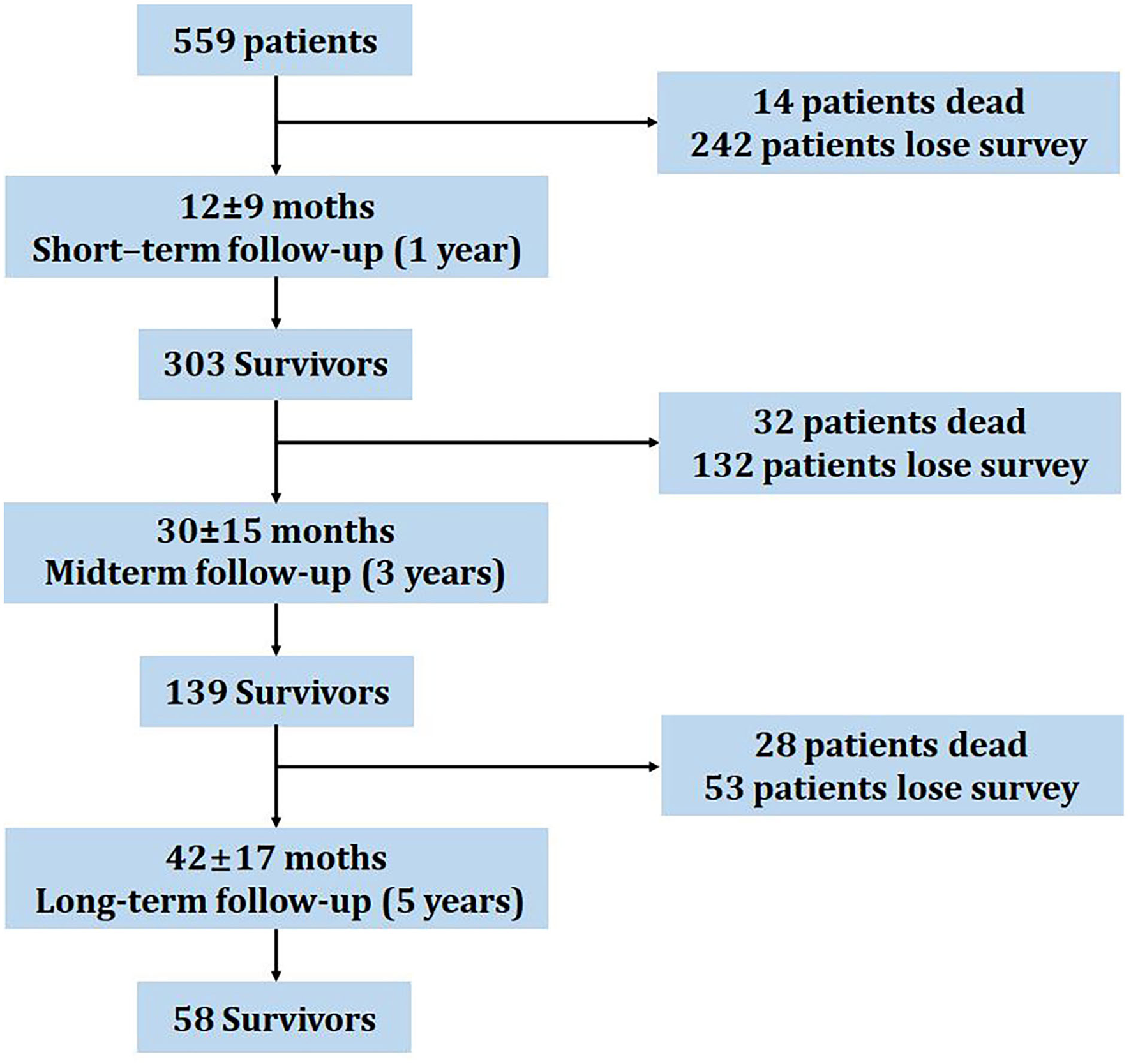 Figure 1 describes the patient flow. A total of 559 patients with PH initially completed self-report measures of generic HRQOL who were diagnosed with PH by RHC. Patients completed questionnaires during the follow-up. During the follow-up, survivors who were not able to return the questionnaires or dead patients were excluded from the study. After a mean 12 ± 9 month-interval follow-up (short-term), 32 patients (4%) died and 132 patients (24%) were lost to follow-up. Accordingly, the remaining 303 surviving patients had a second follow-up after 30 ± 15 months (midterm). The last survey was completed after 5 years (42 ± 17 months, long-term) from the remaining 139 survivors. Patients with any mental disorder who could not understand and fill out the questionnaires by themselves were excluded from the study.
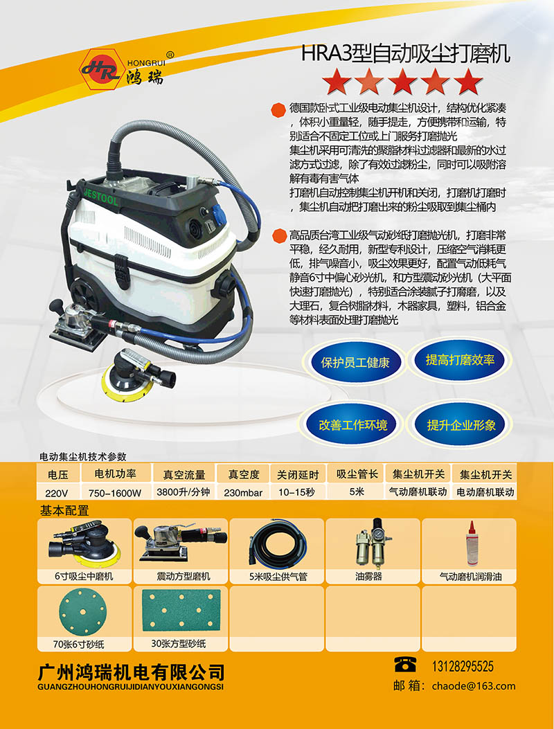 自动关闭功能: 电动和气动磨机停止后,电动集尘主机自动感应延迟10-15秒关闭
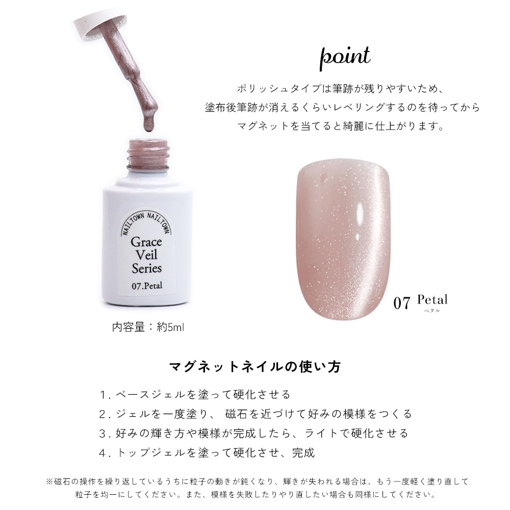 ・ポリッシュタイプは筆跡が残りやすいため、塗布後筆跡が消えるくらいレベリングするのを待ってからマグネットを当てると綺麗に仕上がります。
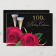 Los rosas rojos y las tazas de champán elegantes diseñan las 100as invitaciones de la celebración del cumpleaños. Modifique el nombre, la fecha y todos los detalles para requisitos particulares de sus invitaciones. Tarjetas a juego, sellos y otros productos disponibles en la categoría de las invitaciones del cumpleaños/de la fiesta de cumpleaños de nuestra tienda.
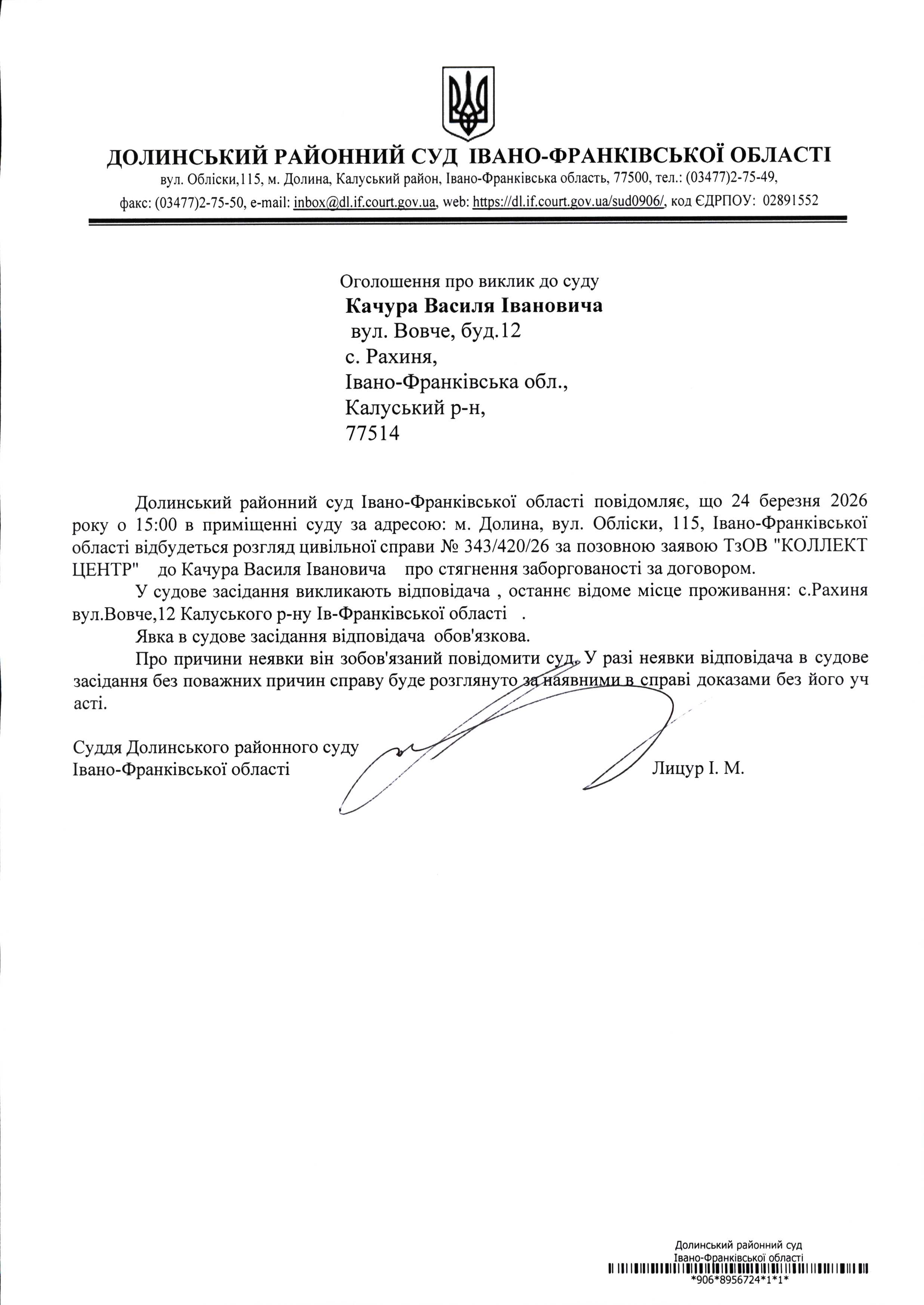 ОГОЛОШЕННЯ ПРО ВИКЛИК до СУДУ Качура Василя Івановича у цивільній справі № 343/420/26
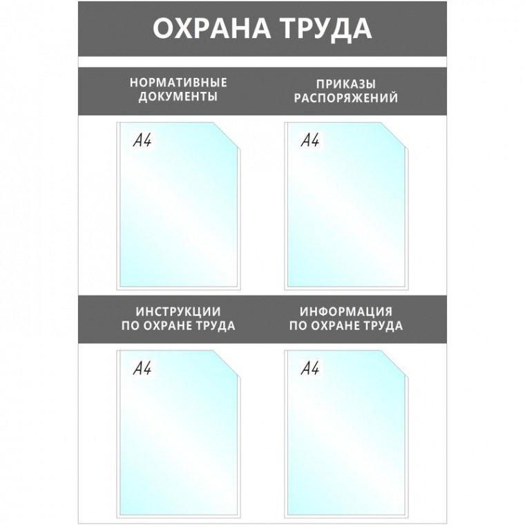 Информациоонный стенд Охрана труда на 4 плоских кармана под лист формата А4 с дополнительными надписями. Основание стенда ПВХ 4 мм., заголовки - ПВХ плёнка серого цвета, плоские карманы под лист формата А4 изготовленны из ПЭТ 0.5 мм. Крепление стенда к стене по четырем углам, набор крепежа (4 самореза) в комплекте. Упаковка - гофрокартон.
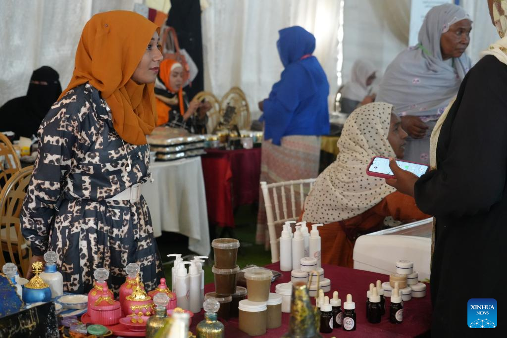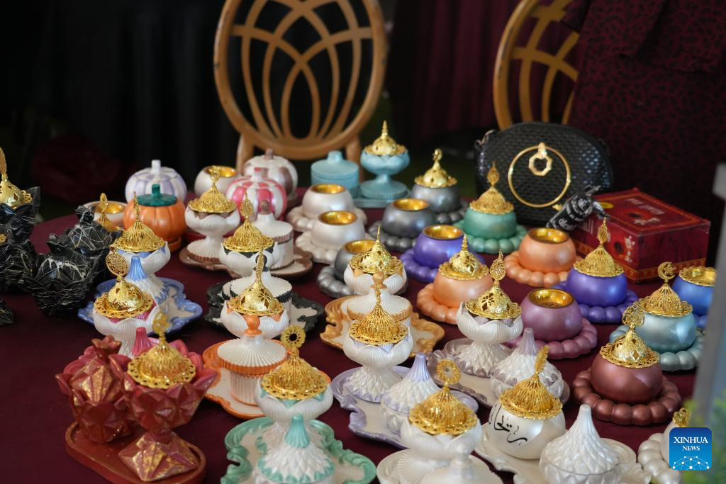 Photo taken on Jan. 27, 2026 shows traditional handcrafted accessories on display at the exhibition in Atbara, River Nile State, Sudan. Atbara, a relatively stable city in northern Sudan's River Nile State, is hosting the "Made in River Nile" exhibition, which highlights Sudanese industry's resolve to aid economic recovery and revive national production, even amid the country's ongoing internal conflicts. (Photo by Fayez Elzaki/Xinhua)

WORK ITEM:
Give back exactly the lines from the one with "ОГОЛОШЕННЯ ПРО ВИКЛИК" through the end of the records above, inclusive, and omit any pictures.

SOLUTION:
 ОГОЛОШЕННЯ ПРО ВИКЛИК до СУДУ Качура Василя Івановича у цивільній справі № 343/420/26
 Информациоонный стенд Охрана труда на 4 плоских кармана под лист формата А4 с дополнительными надписями. Основание стенда ПВХ 4 мм., заголовки - ПВХ плёнка серого цвета, плоские карманы под лист формата А4 изготовленны из ПЭТ 0.5 мм. Крепление стенда к стене по четырем углам, набор крепежа (4 самореза) в комплекте. Упаковка - гофрокартон.
 Photo taken on Jan. 27, 2026 shows traditional handcrafted accessories on display at the exhibition in Atbara, River Nile State, Sudan. Atbara, a relatively stable city in northern Sudan's River Nile State, is hosting the "Made in River Nile" exhibition, which highlights Sudanese industry's resolve to aid economic recovery and revive national production, even amid the country's ongoing internal conflicts. (Photo by Fayez Elzaki/Xinhua)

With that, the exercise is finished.